Five primary techniques for distributing graphics and HMI between cooperating systems have been identified in the GENIVI Graphics Sharing and Distributed HMI project (GSHA).

… a little bit project purpose
… summarize findings/conclusions
… what to expect in the paper (descriptions & comparisons and guidelines)


Purpose of GSHA project is to explore the technologies for Graphics sharing and distributed HMI compositing. Here Graphics Sharing refers to “Graphics in the form of bitmap, scene graph or drawing commands generated on one ECU, transferred for display from another ECU (or between virtual machine instances)”. Distributed HMI compositing technologies refer to “methods to turn a multi-ECU system into what appears and acts as a single user-experience”.


The technologies discussed here are practically used and Open(TODO: not all of them??). Using these technologies one can realize all the automotive use cases, which are needed to turn a multi-ECU HMI into what appears and acts as a single ECU/system HMI.


In this paper one will get an overview of the technologies and use cases where these technologies can be applied. Each of these technologies are compared and guidelines are provided which assist in choosing the right technology for any use case.

TODO: Elaborate a bit more


Graphics Sharing Categories

(warning) ...which order?

  • Display sharing

  • GPU Sharing

  • Surface sharing
    Sub-category:  "
    Virtual Display" – Full display transfer by encoding as a video stream.

  • API Remoting

  • Shared state, independent rendering



API Remoting

API Remoting involves taking an existing graphics API and making it accessible through a network protocol, thus enabling one system to effectively call the graphics/drawing API of another system. In some cases an existing programming API such as that of a local graphics library (e.g. OpenGL), is simply extended to provide network-capability turning it into an RPC (Remote Procedure Call) interface. In other cases, new custom programming interfaces might be created that are specially tailored for distributed graphics.


Use cases :

  1. A device with no graphical capability can use API remoting to render on a remote server with graphical capability. Remote server then shows the render content on display.
  2. With API remoting it is possible to  muticast to multiple servers, there by showing same content on many displays.


Consequences :

  1. Depending on the available bandwidth HMI/animation performance can vary.
  2. Smoothness of animation and UI response additionally depends on Network latency.
  3. In case of API remoting libraries need update, then this update needs to be carried on all relevant nodes in network.
  4. If standard API (e.g. OpenGL) is converted to RPC then compatibility of applications is maintained, else changes are  needed for applications to use the custom APIs.


Examples :

RAMSES:

RAMSES is a framework for defining, storing and distributing 3D scenes for HMIs. From a user’s perspective, RAMSES looks like a thin C++ scene abstraction on top of OpenGL. RAMSES supports higher level relationships between objects such as a hierarchical scene graph, content grouping, off-screen rendering, animations, text, and compositing. All of those features follow the principle of API remoting, i.e. the commands (that define the state in the RAMSES case) can be sent to another system and the actual rendering is executed at the receiving side.

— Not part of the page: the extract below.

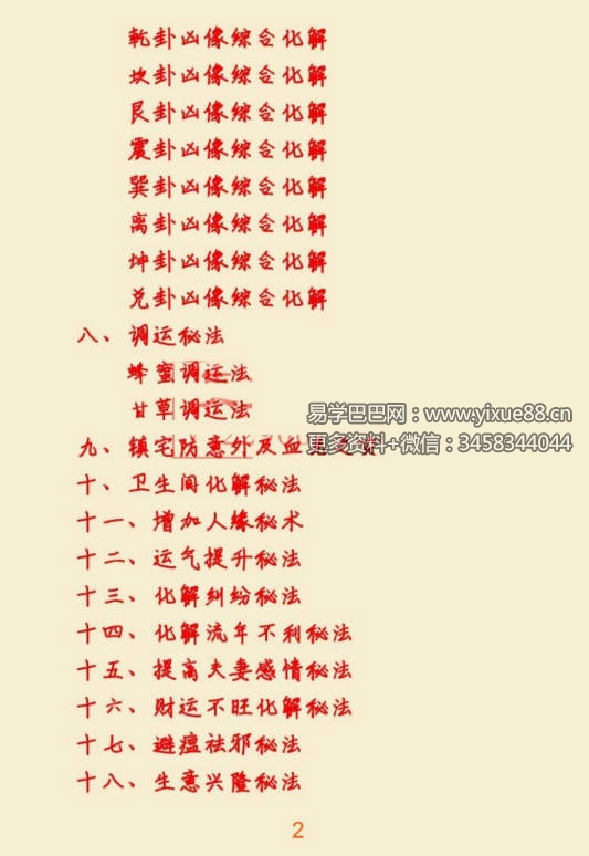 秘法:中药化解风水秘法风水用药化解密法实战2024年升级书籍120页秘籍!!、化解流年不利秘法、提高夫妻感情秘法、财运不旺化解秘法、生意兴隆秘法、求官求富秘法、调理生意财运秘法、催文昌秘法、 楼房招财阵法、阳宅偕运秘法、旺丁求子秘法、化解小人秘法、开运秘法、民间三百年的风水不传之秘!!

RAMSES distinguishes between content creation and content distribution; the same content (created with RAMSES) can be rendered locally, on one or more network nodes, or everywhere. RAMSES handles the distribution of the scenes, and offers an interface to control the final composition - which scene to be sent where, shown at which time,and how multiple scenes and/or videos will interact together. The control itself is subject to application logic (HMI framework, compositor, smartphone app etc.).


RAMSES is available on Github. Overview and deployment examples as well as links to further documentation is available at the Github wiki pages.

TODO: add link to video

RAMSES is a low-level framework, closely aligned to OpenGL. Migrating from an existing OpenGL application to RAMSES usually involves providing a software wrapper which creates RAMSES objects (shaders, geometry, rendering passes, transformation nodes, etc) instead of sending OpenGL commands directly to the GPU. The main difference (and thus cause of migration effort) is that OpenGL sends a command stream per rendered frame, whereas RAMSES requires a scene definition which is updated only on change. For example, a static image would have to be re-rendered in every frame, starting with glClear(), setting all the necessary states and commands, and finishing with eglSwapBuffers(). With RAMSES, the scene creation code would look similar to an OpenGL command stream, but once the scene has been defined, its states and properties don't have to be re-applied every frame, only changes to it. Migrating from OpenGL to RAMSES is comparable to migrating from an OpenGL-centric rendering engine to a scene-graph-centric rendering engine. Depending on application this effort may vary.

Surface Sharing

Surface sharing distributes already rendered graphical content, representing the intended graphics from the application. A surface is represented as a two-dimensional image in memory, which can be described with width, height, pixel format and some additional meta-data. Along with the image data, other information, e.g. touch events, can be shared but in terms of size, image data would have by far the biggest share. Therefore, sharing of image data should be the driving point for optimization during the definition and implementation of the sharing mechanisms.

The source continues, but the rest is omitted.